TAOCP 4.6.3 Exercise 14
Let 1=a_0<a_1<\cdots<a_{r-1}<a_r=n be an addition chain of length
Section 4.6.3: Evaluation of Powers
Exercise 14. [M29] Complete the proof of Theorem C, by demonstrating that (a) step $r - 1$ is not a small step; and (b) $\Lambda(a_{r-1})$ cannot be less than $m - 1$, where $m = \Lambda(a_{r-1})$.
Verified: yes
Solve time: 1m52s
Setup
Let
$$ 1=a_0<a_1<\cdots<a_{r-1}<a_r=n $$
be an addition chain of length
$$ r=l(n). $$
In the proof of Theorem C, Knuth writes
$$ \lambda(a_{r-1})=m, $$
and the theorem is proved by contradiction. The remaining points are:
(a) Show that step $r-1$ is not a small step.
(b) Show that $\Lambda(a_{r-1})$ cannot be less than $m-1$.
Here $\lambda(t)=\lfloor\lg t\rfloor$, and $\Lambda(t)$ denotes the number of small steps in a chain ending at $t$. A step
$$ a_i=a_{i-1}+a_j \qquad (j<i) $$
is called small when
$$ \lambda(a_i)=\lambda(a_{i-1}), $$
and large when
$$ \lambda(a_i)=\lambda(a_{i-1})+1. $$
Theorem C asserts that if
$$ l(n)=\lambda(n)+m, $$
then
$$ \Lambda(n)\le m . $$
The proof has already reduced the argument to the chain above and to the quantity $a_{r-1}$.
Solution
(a) Step $r-1$ is not a small step
Assume that step $r-1$ is small.
Then
$$ \lambda(a_{r-1})=\lambda(a_{r-2})=m. $$
Since $a_r=n$ is obtained from $a_{r-1}$ by one further addition, we have
$$ a_r\le 2a_{r-1}. $$
Hence
$$ \lambda(a_r)\le \lambda(a_{r-1})+1=m+1. $$
Because step $r-1$ is small, the chain up to $a_{r-1}$ contains at least the same number of small steps as a chain ending at $a_{r-2}$. Therefore
$$ \Lambda(a_{r-2})=\Lambda(a_{r-1}). $$
The initial part
$$ 1=a_0,\ldots,a_{r-2} $$
has length $r-2$, so
$$ r-2=\lambda(a_{r-2})+\Lambda(a_{r-2}) =m+\Lambda(a_{r-1}). $$
Adding the last two steps gives
$$ r=m+\Lambda(a_{r-1})+2. $$
Since $l(n)=r=\lambda(n)+m$ and $\lambda(n)\le m+1$, we obtain
$$ m+\Lambda(a_{r-1})+2 =\lambda(n)+m \le 2m+1, $$
hence
$$ \Lambda(a_{r-1})\le m-1. $$
Part (b) will show that this is impossible.

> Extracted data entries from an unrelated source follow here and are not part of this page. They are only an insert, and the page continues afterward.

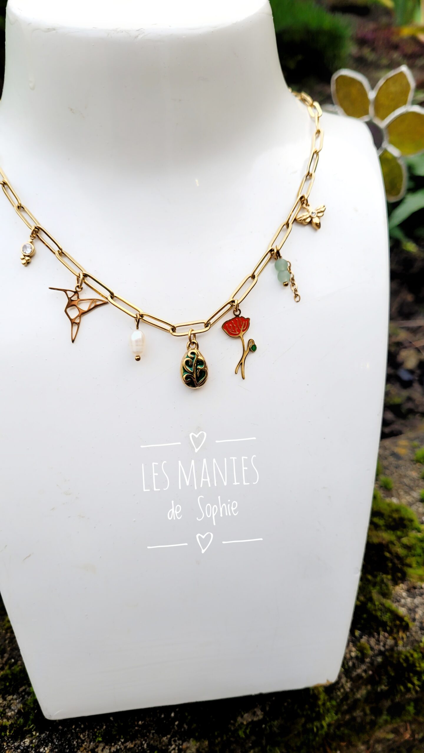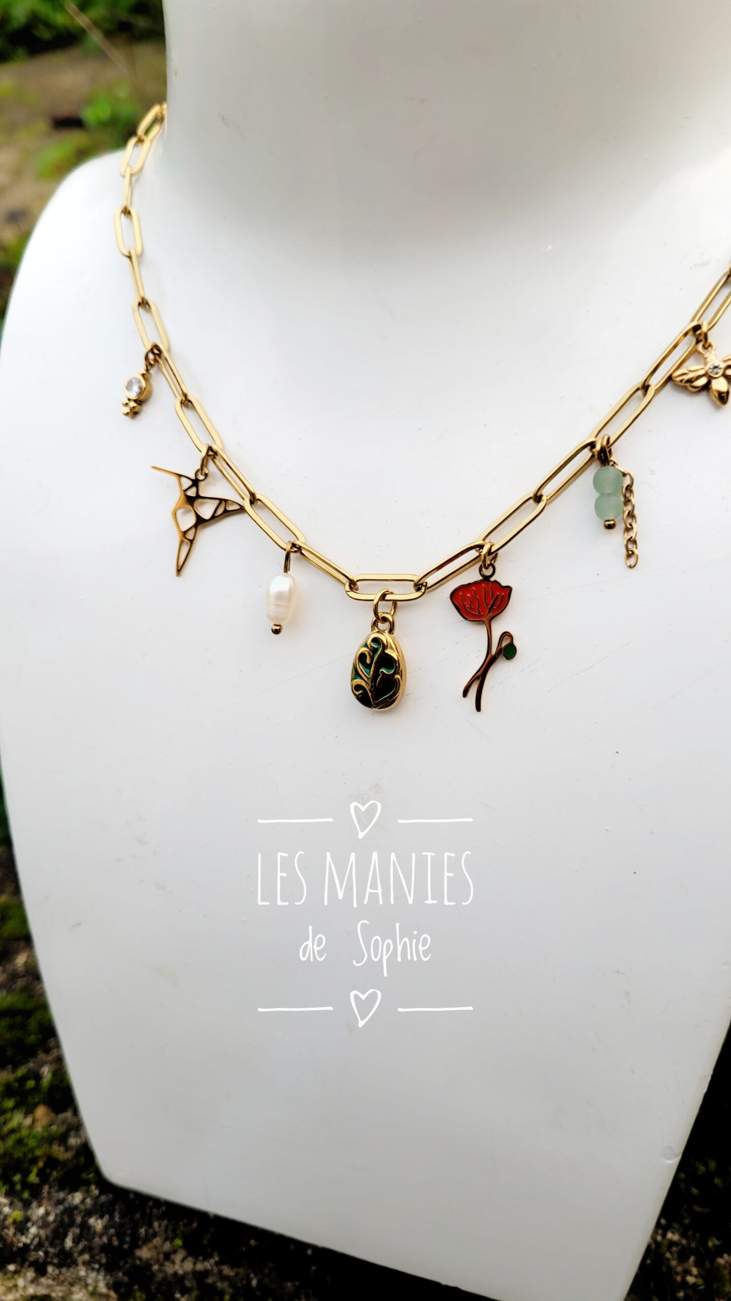 Magnifique collier réalisé à partir d’une chaîne à grosses mailles, de différentes pampilles sur le thème de la nature, d’une perle d’eau douce et d’aventurine du Brésil.
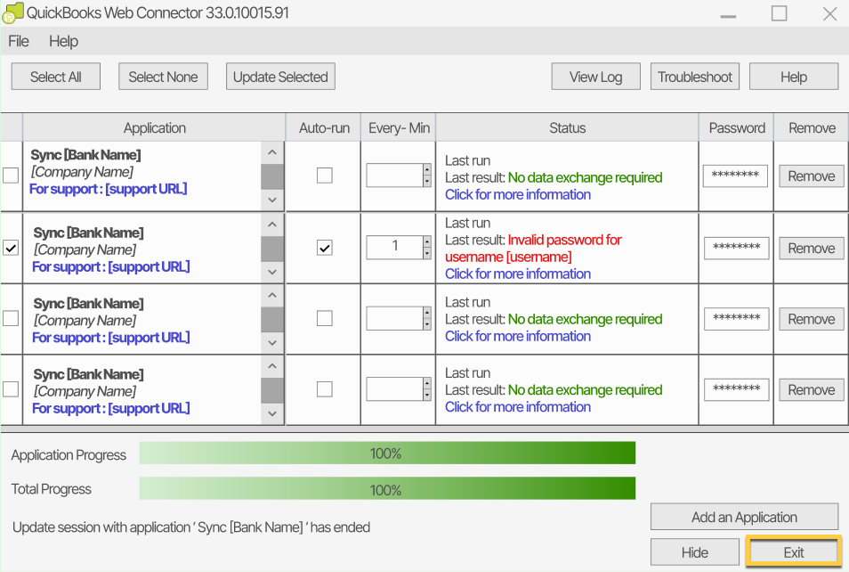 4- After removing the old application, select Exit to close the QuickBooks Web Connector.
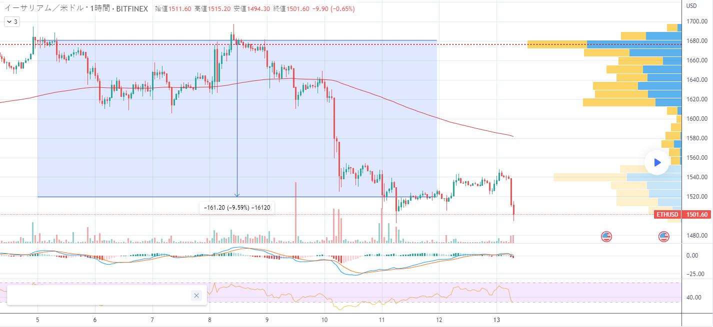 イーサリアムは2023年2月5日から2月11日の間で161ドル(-9.59%)下落しました。
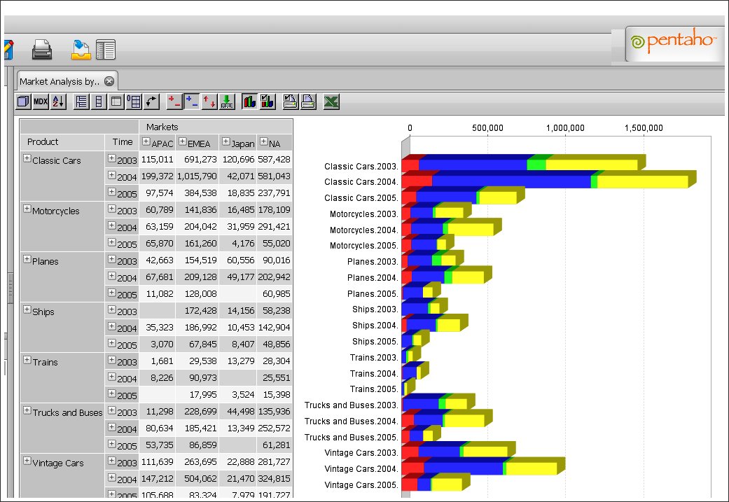 - Didukung oleh beberapa aplikasi interface baik web based maupun desktop seperti JPivot, Pentaho Reporting, Pentaho Analysis Tools, dan Pentaho Analyzer.
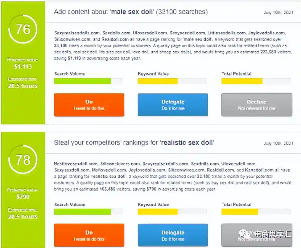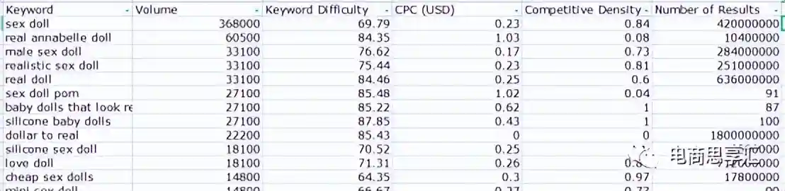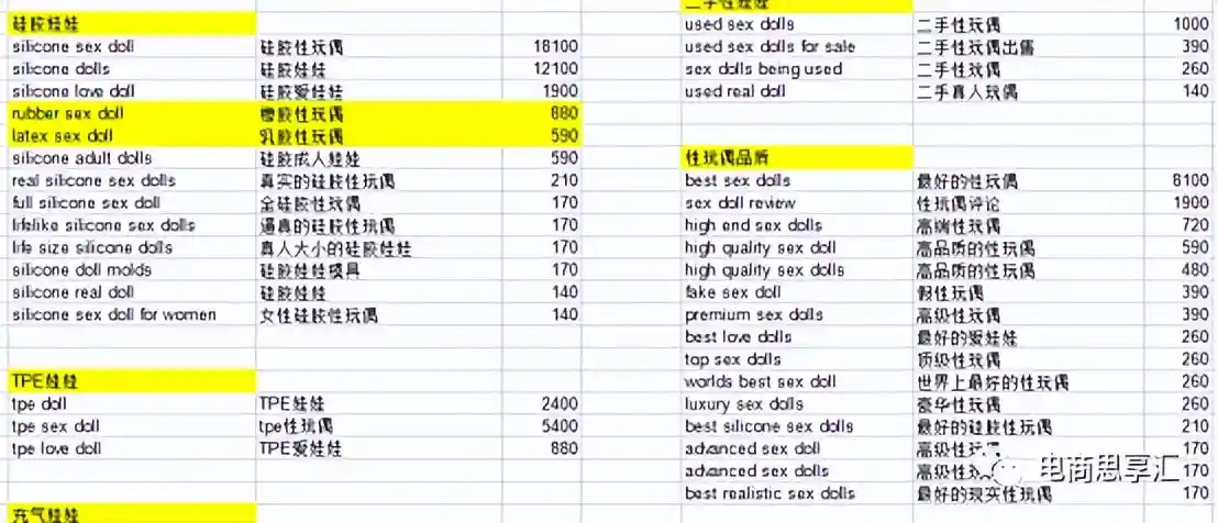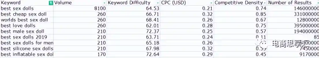 例如,我们的业务关键词是sexdoll(实体娃娃),关键词工具如果推荐了babydoll(洋娃娃),或者dollars(美金)这种词语明显和我们的业务无关的,需要删除的。
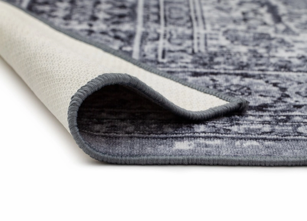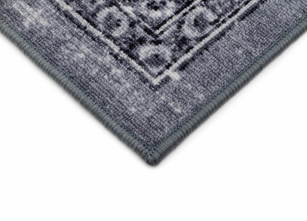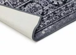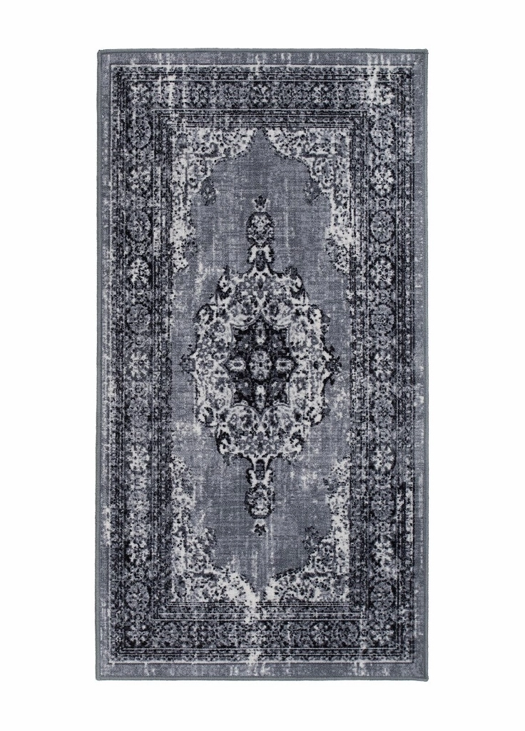 Vintage är en färgstark matta som har mönster med orientalisk inspiration. Mattan har en grå langettering och baksidan är gummerad, vilket gör att mattan ligger stadigt på plats.
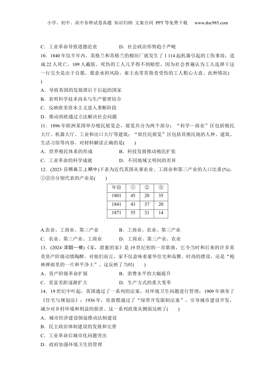 小学、初中、高中各种试卷真题知识归纳文案合同PPT等免费下载www.doc985.com一、选择题(每题3分,共48分)1.(2024·北京海淀高三上期末区)对下图所示现象解释正确的是()16世初和纪1800年洲部分家人口比例欧国纯农业(%)A.欧洲各国工业化发展程度不均衡B.圈地运动不利于英国农业的发展C.荷兰取得“海上马车夫”的地位D.海外殖民活动阻碍西班牙的发展2.(2023·广六校高三考东联)1701年,一位英国人在《东印度贸易观感》一文中写道:“当东印度贸易向我们提供比我们更为便宜的货物,它将迫使我们去发明加工工序和机器,使我们有可能以比较少的劳力和成本进行生产,从而把我们制成品的价格降下来。”以上史料()A.揭示了工业革命发生的根源B.证明印度生产技术先进C.丰富了工业革命研究的视角D.反映亚洲明显贸易优势3.有历史学家在考察19世纪欧洲运输革命与工业革命的关系时指出:“这种运输设施的开展,使先前未曾开发地区卷入世界经济活动内,更因其克服运输量、畜力、季节及移动速度等限制……工业革命成果得以扩大。”该历史学家所说的“运输革命”最有可能是()A.轮船的通航B.汽车的量产C.铁路的兴起D.运河的开通4.1854—1856年英出口易所占比例表国进贸份额原材料食品工业制造品出口贸易7%8%85%进口贸易61%33%6%该表可以反映此时英国()A.工业生产结构的失衡B.有强大的贸易竞争优势C.奉行自由贸易的政策D.有最广阔的海外殖民地5.19世纪后期,英国的银行家们更关注世界范围的投资,到一战前,英国投资几乎占全世小学、初中、高中各种试卷真题知识归纳文案合同PPT等免费下载www.doc985.com界总投资额的一半。1865-1914年的英国投资中,本土投资只占30%,其他70%的资金投在国外。这一状况()A.推动了英国的工业革命B.确立了英国的殖民霸权C.削弱了美德等竞争对手D.制约了英国的技术更新6.下图是1870年与1913年主要资本主义国家在世界贸易中的占比示意图,该图反映了()1870年1913年A.工业革命在全球的扩展B.世界殖民体系的衰落C.英法本土工业日益萎缩D.美英之间的矛盾加剧7.(2024·葫芦高三上期末岛)对下图所示信息,解读正确的是()美、德制造占世界制造量的业业总产份额(位:单%)A.机器制造业的发展标志着工业革命的开始B.工业革命推动了美、德工业经济迅速发展C.美、德两国成为工业革命的发源地和中心D.欧美国家开始从“蒸汽时代”迈入“电气时代”8.(2023·南大附中高三合华师综测试)这个时期(19世纪后半期)逐步出现了技术创新的制度化。更多的先进的工业企业不再满足于接受技术创新并利用它们,而是通过精心的有计划的试验来追寻这种技术创新……许多企业甚至都开始资助基础研究和应用研究。这一现象()A.促进了工业革命的兴起B.缓解了劳资矛盾C.反映科技与生产的结合D.反映了国家干预9.(2023·十堰高三调研)19世纪,英国的道德学家宣扬自律的重要性:无论多么严厉的法律都不可能使游手好闲的人变得勤勉自持,让大手大脚的人变得未雨绸缪,让醉鬼变得清醒如初。这样的改造只能通过个人的节俭和自律来完成。这反映了当时的英国()A.工人阶层遭受沉重压迫B.经济发展影响社会观念小学、初中、高中各种试卷真题知识归纳文案合同PPT等免费下载www.doc985.comC.工业革命导致道德沦丧D.社会政治形势趋于严峻10.1840年仅半年内,英格兰和苏格兰的棉纺厂就发生了1114起机器引起的工伤事故,造成22人死亡,109人截肢。死伤的工人几乎得不到赔偿,因为社会普遍认为工人选择干这一行完全是出于自愿,愿意承担风险,雇主也常常指责受伤的工人粗心大意。此种情况()A.导致英国的发展滞后于后起的国家B.表明科学技术尚未与生产紧密结合C.反映欧美资本主义进入垄断阶段D.推动西欧通过立法解决社会问题11.1896年欧洲某国举办殖民展览会,展览共分为两个部分:“科学—商业”区包括殖民大厅、机器大厅、工业和出口大厅等建筑;“原住民展览”区包括其殖民地的人种、建筑、生活习俗等内容。对材料解读正确的是()A.世界殖民体系的形成B.科技发展推动殖民扩张C.工业革命的科学成就D.不同地域文明间的差异12.(2023·日照高三上期中)下表为近代英国从事...
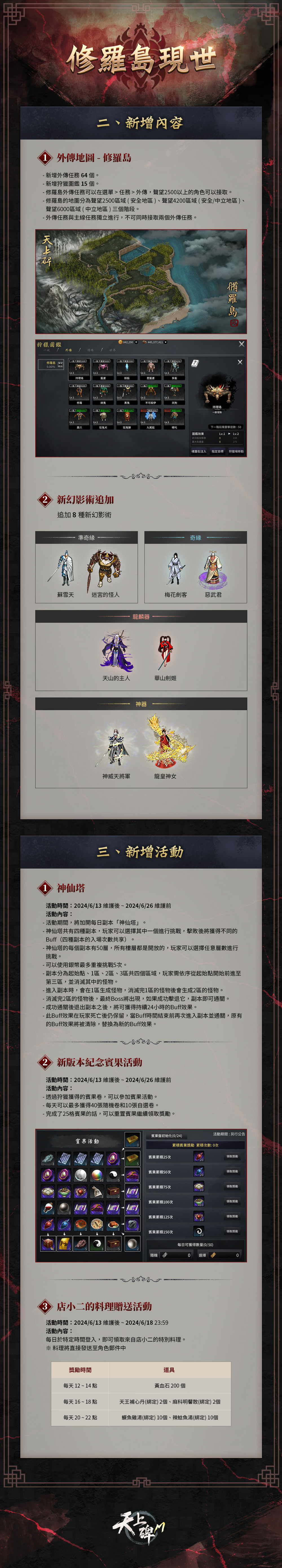 《天上碑M》已於2024/6/13(四) 14:30 伺服器維護更新完畢,少俠可以正常進入伺服器闖蕩江湖!

Therefore step $r-1$ cannot be small.
Consequently step $r-1$ is large.
(b) $\Lambda(a_{r-1})$ cannot be less than $m-1$
Assume that
$$ \Lambda(a_{r-1})\le m-2. $$
Since $a_{r-1}$ is reached by a chain of length $r-1$,
$$ r-1 =\lambda(a_{r-1})+\Lambda(a_{r-1}) =m+\Lambda(a_{r-1}) \le 2m-2. $$
Therefore
$$ r\le 2m-1. $$
From part (a), step $r-1$ is large. Hence
$$ \lambda(n)=\lambda(a_r) =\lambda(a_{r-1})+1 =m+1. $$
Using the hypothesis of Theorem C,
$$ r=l(n)=\lambda(n)+m=(m+1)+m=2m+1. $$
This contradicts
$$ r\le 2m-1. $$
Therefore the assumption was false, and
$$ \Lambda(a_{r-1})\ge m-1. $$
Since the proof preceding this exercise had already established
$$ \Lambda(a_{r-1})\le m-1, $$
it follows that
$$ \Lambda(a_{r-1})=m-1. $$
This is the missing fact needed to complete the proof of Theorem C.
This completes the proof.
∎
Verification
For part (a), assuming step $r-1$ is small yields
$$ \lambda(a_{r-1})=\lambda(a_{r-2})=m, $$
and therefore
$$ \Lambda(a_{r-1})\le m-1. $$
Part (b) proves that no chain ending at $a_{r-1}$ can satisfy
$$ \Lambda(a_{r-1})<m-1. $$
Hence step $r-1$ cannot be small.
For part (b), the inequality
$$ \Lambda(a_{r-1})\le m-2 $$
implies
$$ r\le 2m-1, $$
while the largeness of the final step gives
$$ r=l(n)=\lambda(n)+m=(m+1)+m=2m+1. $$
The contradiction establishes
$$ \Lambda(a_{r-1})\ge m-1. $$
Together with the previously established upper bound,
$$ \Lambda(a_{r-1})=m-1. $$
Notes
The essential idea is that a chain of length
$$ l(n)=\lambda(n)+m $$
contains exactly $m$ small steps. The last step must be large; otherwise too many small steps would be forced below $a_{r-1}$. Once the last step is known to be large, the count of large and small steps in the chain determines uniquely that
$$ \Lambda(a_{r-1})=m-1, $$
which completes the inductive argument in Theorem C.